To encourage workers to quit smoking and lose weight, U-Haul is offering to waive its medical insurance copayments of $5 each biweekly pay period (for a single worker; $10 for one with a covered spouse) to those who don’t use tobacco in any form and meet weight guidelines.
“In general, financial incentives are still quite rare,” says David Gobble, associate director of the Institute for Health Promotion at Ball State University in Muncie, Ind. Of such incentives, cash bonuses are extremely rare and rebates on medical insurance the most common.
Healthchecks, not checks
Although rebates seem logical to many, it’s not always easy to put such a program into effect. “I think that tying health promotion participation to lower insurance costs would have a positive effect on our program,” says a health promotion manager at an oil organization. “I’ve suggested it to management several times since 1983, but they always have a problem with how you can prove that people aren’t smoking, or that they are exercising at home?”
“Some organizations want to prove or document everything, while others tend to take peoples’ words,” says Ed Stasica, cost-containment and health promotion consultant in Mount Prospect, Ill. “It really depends on the overall philosophy of the organization.” At present, more organizations than not seem to be relying on an honor system, with the worker simply filling out and signing a form to “prove” that he’s done the incentivized activity. Although most organizations do not do specific tests to see if the worker is telling the truth–like testing the blook of an alleged non-smoker for nicotine–it’s clear that, in the case of smoking and exercise, outright lying would almost certainly be visible in the overall general assessments periodically performed.

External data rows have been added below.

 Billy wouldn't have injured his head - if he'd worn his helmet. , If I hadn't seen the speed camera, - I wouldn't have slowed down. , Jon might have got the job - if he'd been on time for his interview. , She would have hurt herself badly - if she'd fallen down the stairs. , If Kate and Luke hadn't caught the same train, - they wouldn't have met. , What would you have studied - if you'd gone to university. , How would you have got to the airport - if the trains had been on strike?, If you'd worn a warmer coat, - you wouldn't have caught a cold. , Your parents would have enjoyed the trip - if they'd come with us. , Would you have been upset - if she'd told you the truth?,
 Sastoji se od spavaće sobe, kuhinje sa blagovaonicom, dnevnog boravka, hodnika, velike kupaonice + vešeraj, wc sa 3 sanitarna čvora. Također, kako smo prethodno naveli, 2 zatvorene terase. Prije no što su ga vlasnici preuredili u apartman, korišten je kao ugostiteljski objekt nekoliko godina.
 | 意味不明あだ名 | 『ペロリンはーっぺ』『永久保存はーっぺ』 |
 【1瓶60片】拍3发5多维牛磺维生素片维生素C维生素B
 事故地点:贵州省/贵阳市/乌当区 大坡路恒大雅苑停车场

Others, however, choose to sidestep the verification issue altogether. In the 50 programs it designed and administers, Health Advancement Services, which specializes in health risk assessment strategies, always offers incentives (frequently partial waiver of deductibles) strictly for participation in the health promotion program–not for performance. “One of our organizations is considering offering non-smokers a break on their medical insurance premium,” says CEO Sawyer. “But I’m recommending against it. How do you know he’s not smoking? Maybe he’s smoking on the weekend. If you’re trying to find out, then you’re a policeman.”

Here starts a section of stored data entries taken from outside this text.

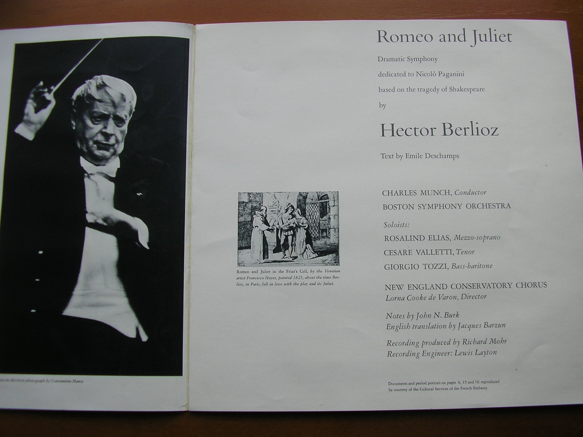 BERLIOZ: ROMEO ET JULIETTE ELIAS / VALLETTI / TOZZI / BOSTON SYMPHONY / CHARLES MUNCH 2LP LDS 6098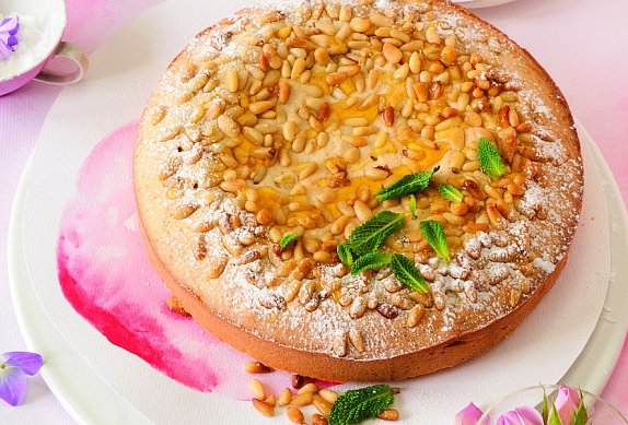Rychlý, voňavý a přitom neobyčejný. Pokud chcete chuť tohoto koláče ještě více zvýraznit, můžete piniové oříšky před sypáním na těsto krátce opražit na suché pánvi.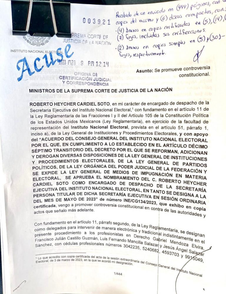 El Instituto Nacional Electoral (INE) presentó ante la Suprema Corte de Justicia de la Nación (SCJN) una segunda demanda de Controversia Constitucional en contra del Decreto por el que se reforman la Ley General de Instituciones y Procedimientos Electorales, la Ley General de Partidos Políticos, la Ley Orgánica del Poder Judicial de la Federación y la expedición de la Ley General de los Medios de Impugnación en Materia Electoral publicadas en el Diario Oficial de la Federación el pasado 2 de marzo de 2022.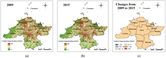 (a) Spatial distribution of carbon sequestration in Yantai in 2009; (b) spatial distribution of carbon sequestration in Yantai in 2015; (c) changes of carbon sequestration in Yantai from 2009 to 2015.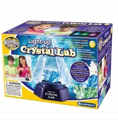Проводите собственные химические эксперименты и выращивайте разноцветные кристаллы. Поместите готовый кристалл в подсвеченный дисплей в форме пирамиды со светодиодной основой, меняющей цвет. Осветите свой кристалл семью разными цветами: красным, зеленым, синим, желтым, голубым, розовым и белым. Он превращается в потрясающий ночник, которым можно поделиться с друзьями. В комплект входят химикаты для изготовления кристаллов, пирамидальный дисплей с подсветкой и светодиодным основанием, мерный стакан с крышкой, ложка и восьмиугольный контейнер. Не подходит для детей младше 8 лет, требуется присмотр взрослых. Питание от 3 батареек ААА (в комплект не входят).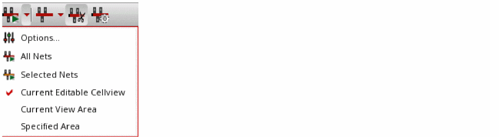 The Pin to Trunk icon lets you set up the routing scope and run the Pin to Trunk command on the specified routing scope either on all the nets or selected nets. Click the arrow next to the icon to view the Pin to Trunk routing scope options available on the drop-down menu associated with the icon.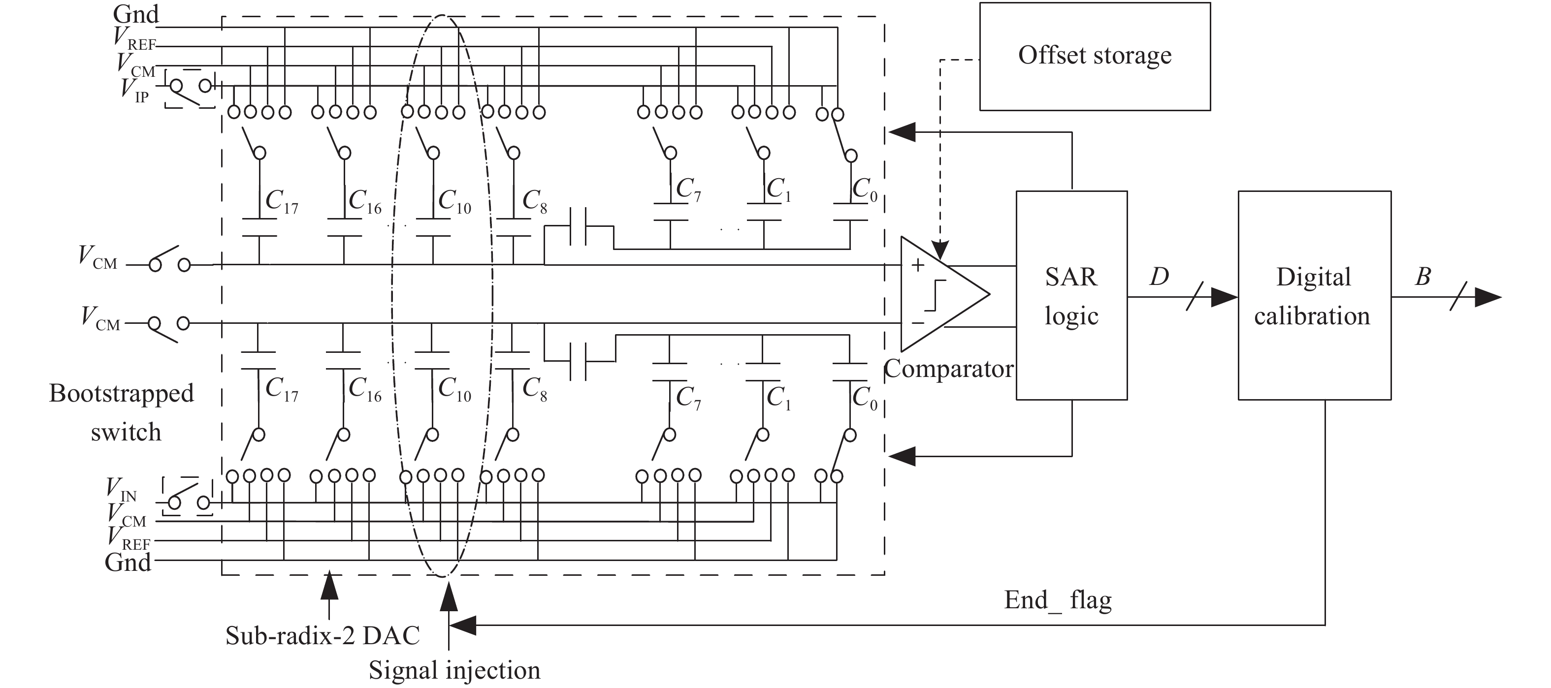 Key words: sub-2 radix, split-capacitor SAR ADC, redundancy, digital calibration, high resolution

The Health Adavancement program typically consists of completing a questionnaire, going through a screening plus visiting an on-site nurse for an evaluation. That’s what the worker is rewarded for; after that, it’s up to that worker to take further action.
And the honor system works, Sawyer says, positive changes are visible in test results. At one site, for instance, 64% of workers tested had a cholesterol count of over 200 in 1989; in 1990 only 32% had those results.
Health Promotion: Can’t See the Forest for the Trees
In incentivized health promotion programs are such a great way to control healthcare costs, why don’t more organizations have them?” Most organizations have a short-sighted approach to cutting costs,” says Roger Reed of Keycare Health Resources. “They wan to do something that cuts costs today, not tomorrow.” Also, health promotion is a “soft” idea that doesn’t always sell well within the corporation. “I never use the term health promotion; it’s a system that doesn’t make sense to bean counters and executives,” says Bob Gorski a benefits directors at Whitman Corp., a Chicago-based Fortune 100 organization. He prefers “health risk management.” to describe his programs.
All agree, however, that interest in these types of programs is growing. “As medical insurance costs rise, the workers themselves will be demanding this,” says Ed Stasica.” I can envision an worker looking across the office and thinking ‘This guy is running up the healthcare costs. Is that fair?’ In the future, medical insurance will become like car insurance–if you have accidents, you pay more.”